Source data
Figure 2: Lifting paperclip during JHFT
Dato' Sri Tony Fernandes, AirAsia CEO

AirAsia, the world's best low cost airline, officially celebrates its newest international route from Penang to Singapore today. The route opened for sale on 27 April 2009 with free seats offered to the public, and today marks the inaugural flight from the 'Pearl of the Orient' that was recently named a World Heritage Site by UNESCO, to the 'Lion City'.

Your instructions
All of the material is to be duplicated exactly.

Written reply
Figure 2: Lifting paperclip during JHFT
Dato' Sri Tony Fernandes, AirAsia CEO

AirAsia, the world's best low cost airline, officially celebrates its newest international route from Penang to Singapore today. The route opened for sale on 27 April 2009 with free seats offered to the public, and today marks the inaugural flight from the 'Pearl of the Orient' that was recently named a World Heritage Site by UNESCO, to the 'Lion City'.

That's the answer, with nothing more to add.